[[ EXERCISE MATERIAL, beginning ]]
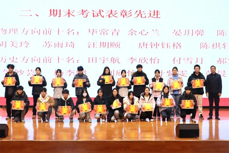 日月其迈,时盛岁新。紧张而又充实的高三上学期将要过去,为帮助学生总结以往得失,激励学生再前行,学校高三全体师生于2025年1月14日下午16:30在大礼堂举行了以“期末反思,再攀高峰”为主题的训导会,校长吴昌钧、副校长伍远明、课程发展处主任谢华军、年级主任吴成军参会,陈雅萌同学主持会议。
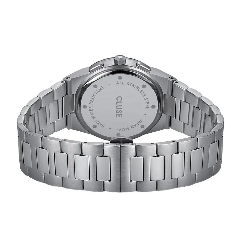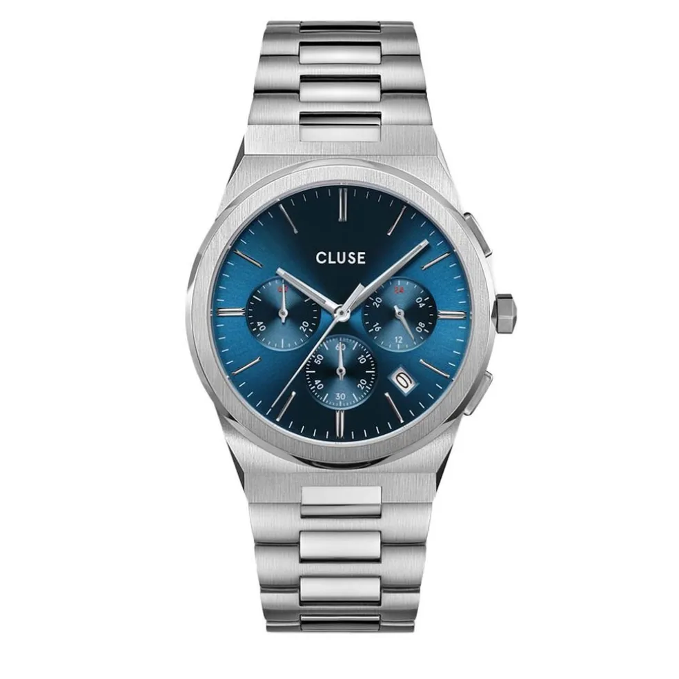 Montre Cluse Vigoureux Chrono Acier Argenté Ronde Quartz Chronographe 40mm Fond Bleu Lunette Argenté Bracelet Acier Argenté Cw20801
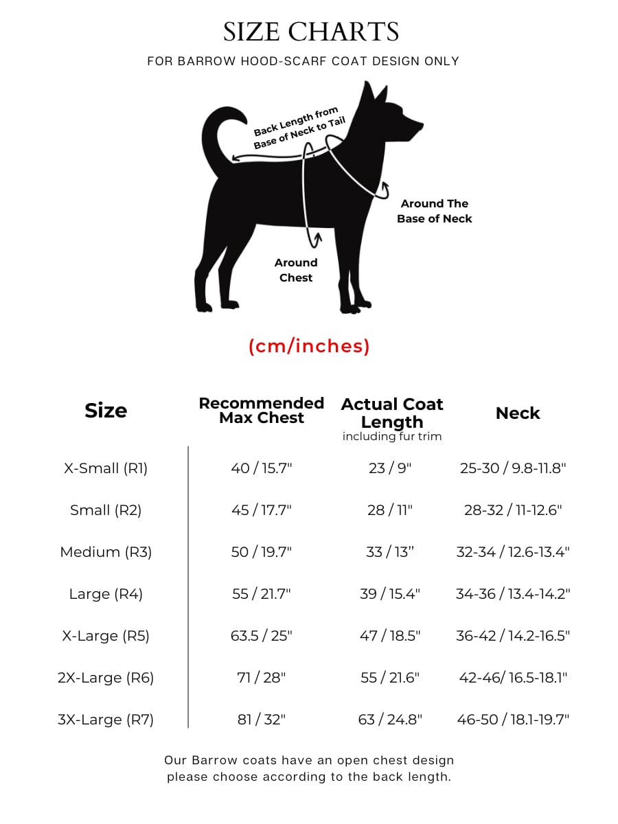 ダブルブレストのデザインとファートリムが品格を演出し、取り外し可能なフードとスカーフが実用性とスタイルを両立します。
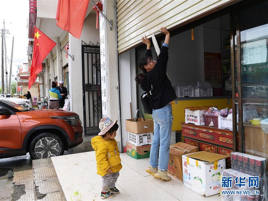 格桑旺姆推開蔬菜店的卷閘門準(zhǔn)備營業(yè)(8月3日攝)。新華社記者 李賀 攝
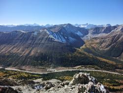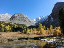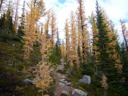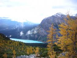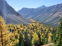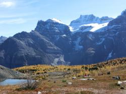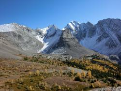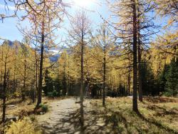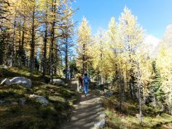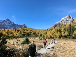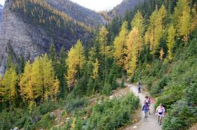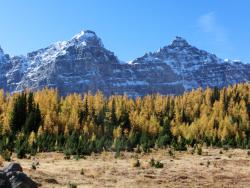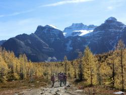 レイクルイーズ | 終日 | トレッキング①ラーチ・バレー 黄金色に染まったカラマツ林の中をくぐり抜けていきます。 森林限界を越えて振り返ると、3000m超の頂を10個見渡せるテンピークス。 |
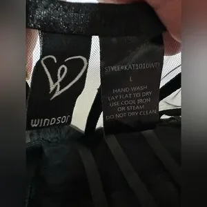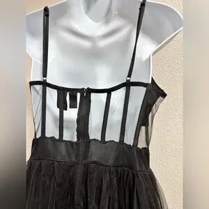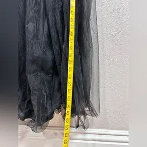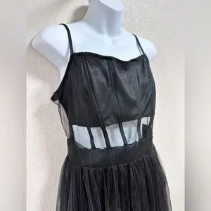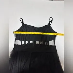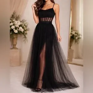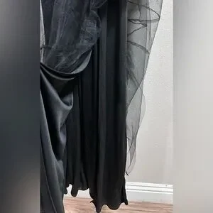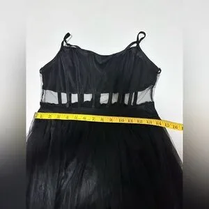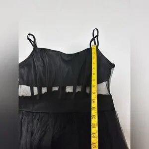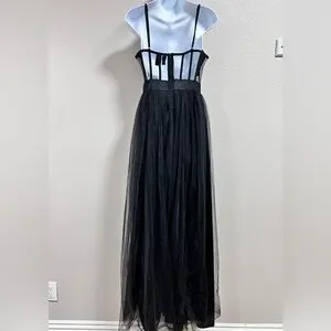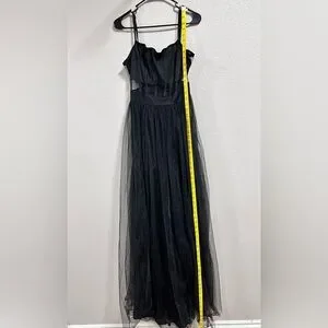 Windsor Black Tulle Cutout Waist Spaghetti Strap Leg Slit Formal Gown Large Prom
[[ EXERCISE MATERIAL, end ]]
YOUR INSTRUCTIONS
The copy you give must run from the line containing "ダブルブレストのデザインとフ" through the last line of the records, exactly, with the pictures left out.

WRITTEN RESPONSE
 ダブルブレストのデザインとファートリムが品格を演出し、取り外し可能なフードとスカーフが実用性とスタイルを両立します。
 格桑旺姆推開蔬菜店的卷閘門準(zhǔn)備營業(yè)(8月3日攝)。新華社記者 李賀 攝
 レイクルイーズ | 終日 | トレッキング①ラーチ・バレー 黄金色に染まったカラマツ林の中をくぐり抜けていきます。 森林限界を越えて振り返ると、3000m超の頂を10個見渡せるテンピークス。 |
 Windsor Black Tulle Cutout Waist Spaghetti Strap Leg Slit Formal Gown Large Prom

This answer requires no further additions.